If you want total reliability, buy a Toyota if you can afford one.
X trail brand new is fine as it is covered by manufacturers warranty, but once you go outside warranty it is a complete box of tricks that will make a big hole in your finances. The sad part is that most Nissan dealers are so deceitful about known faults and problems. You have been warned!
Mike


----------



## ladybirdmt (Jan 11, 2008)

*buy-sell merry-go-round*

i've got my '05 Xtrail for sale with 118K km. wanted to upgrade and liked the '07 CRV- finally has back hatch lifting up instead of gate style w/spare tire. but prices are steep on CRV, honda dealers are arrogant and snotty, and CRV is not as good on gas as xtrail. starting to think if i don't get a reasonable price, will keep xt till it dies. i've had mine for 2 years, spent $3 on a bulb- and oil changes of course- no rust issues! tried to find out if and when to change timing belt, and nissan told me there isn't one- it's a timing chain--that was welcome news. overall it's been a good ride. the biggest issue for me is a possible breakdown in USA when we travel there-since never was imported to US-would have to wait for possible parts.
As an aside: the local ICBC shop here in BC town where I live, owns at least 3-4 XT's as company cars for their employees. I hoped it was because of its reliability, and not because Nissan gave them an awesome deal-lol! The XT is unmatched in snow- awesome, and variable 4wd switch is great feature. sounds like i talked myself out of leaving XT behind!!


----------



## Rick N Roll 007 (Nov 13, 2009)

Hi fellow xt owners, just picked up a 2005 xt se with 5 speed and I'm amazed with this little SUV. Was looking at the Jeep liberty very hard but settled on the xt and boy I'm glad. looking forward to the 4x4 action in the snow and ice.... cheers from Canada


----------



## chansen (Feb 7, 2005)

Rick N Roll 007 said:


> Hi fellow xt owners, just picked up a 2005 xt se with 5 speed and I'm amazed with this little SUV. Was looking at the Jeep liberty very hard but settled on the xt and boy I'm glad. looking forward to the 4x4 action in the snow and ice.... cheers from Canada


Ugh. We test drove a Liberty before we bought our X-Trail in 2005. What a horrible driving beast that is. The steering is wooden, it brakes like a cruise ship, and it apparently consumes gas like one as well.

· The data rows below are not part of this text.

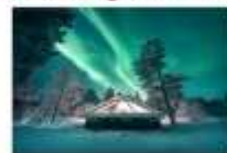
Glass Igloo Hotel

** พักที่ NORTHERN LIGHTS VILLAGE OR SIMILAR **
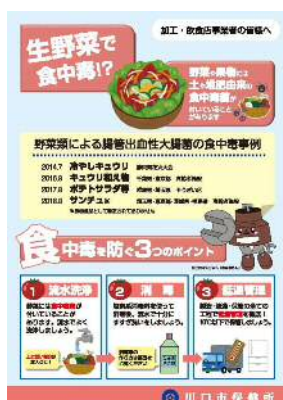
生野菜による食中毒防止啓発リーフレット

カンピロバクター* 及び腸管出血性大腸菌* による食中毒の多くは、生又は加熱不十分な食肉の喫食や、調理過程での生肉等の不適切な取扱いによる二次汚染に起因していることから、生肉の取扱い状況について重点的に監視指導を行います。特に、居酒屋、焼肉店、焼き鳥屋等の飲食店については、牛肝臓及び豚肉の生食又は加熱不十分な状態での提供がないよう、中心部まで十分な加熱調理を行い、規格基準の遵守を徹底するよう指導します。
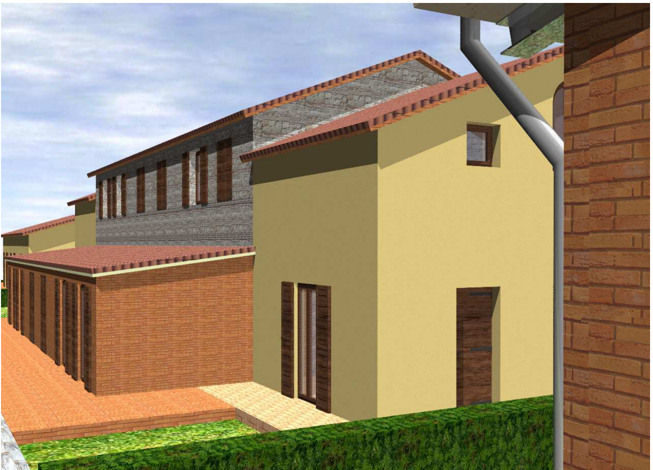
Vista da nord-ovest edificio A
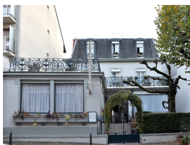
Vue générale IVR82_20097301087NUCA
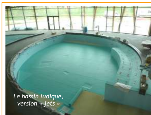
Le bassin ludique, version « jets »
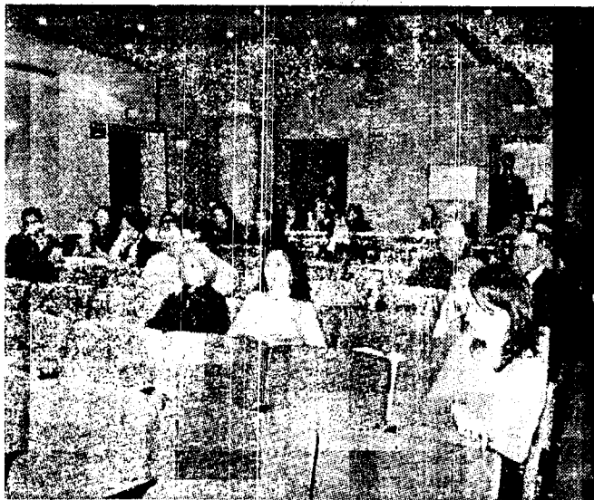
Camera di Commercio L'ente di Piazza della Vittoria ospiterà in giornata seminario e convegno
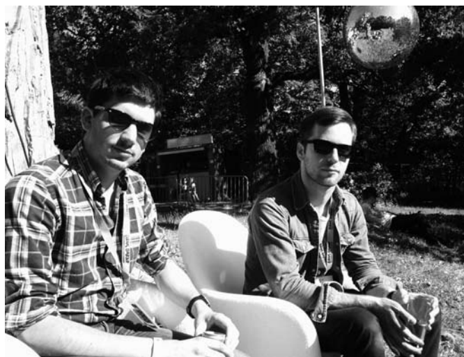
DJ-duon Logo.

förlöpa på följande sätt. Personen följer försiktigt musiken i dess upptrappning, väntar in basen och lämnas därefter över i famnen på euforin. Rent fysiskt brukar det bli en del gestikulerande händer i luften, axelryckande och ibland helt oväntade rörelser. Publiken måste explodera i laddad stämning, het atmosfär, sätta fart på de svärdansade, och få skivorna att lukta svett för att Logo nöjt ska kunna stiga av scenen.
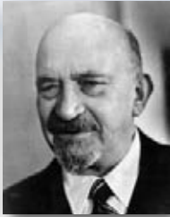
1. חיים וייצמן
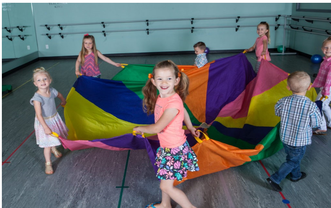
Slika 4. Pokretna igra (UDA Creative Arts Preschool, 2017)

Zapravo je vrlo bitno usredotočiti se i na fizički i na mentalni razvoj djece predškolske dobi jer pokretne igre za predškolarce nisu samo zabavne, već su i neophodne za razvoj djeteta. Tjelesna aktivnost u predškolskoj dobi je važna, a njezine dobrobiti traju i nakon završetka predškolske dobi. Predškolarci koji imaju dovoljno vremena za igru i tjelesne aktivnosti također imaju jače kognitivne, socijalne i emocionalne vještine, adekvatan razvoj mišića, kostiju i zglobova, povećanu sposobnost učenja i pamćenja, veće samopouzdanje, bolju koncentraciju, manje zdravstvenih problema te općenito vode zdraviji način života. I ne samo to, pokretne igre daju djetetu prednost u socijalnoj interakciji i komunikacijskim vještinama. Djeca uče rješavati probleme dok također uče važne stvari poput brojanja i boja (UDA Creative Arts Preschool, 2017).

Mate it with a good set of winter tires, and it is awesome in snow. I have a hell of a time trying to have some fun in the corners, it tracks so well.


----------



## Rick N Roll 007 (Nov 13, 2009)

chansen said:


> Ugh. We test drove a Liberty before we bought our X-Trail in 2005. What a horrible driving beast that is. The steering is wooden, it brakes like a cruise ship, and it apparently consumes gas like one as well.
> 
> Mate it with a good set of winter tires, and it is awesome in snow. I have a hell of a time trying to have some fun in the corners, it tracks so well.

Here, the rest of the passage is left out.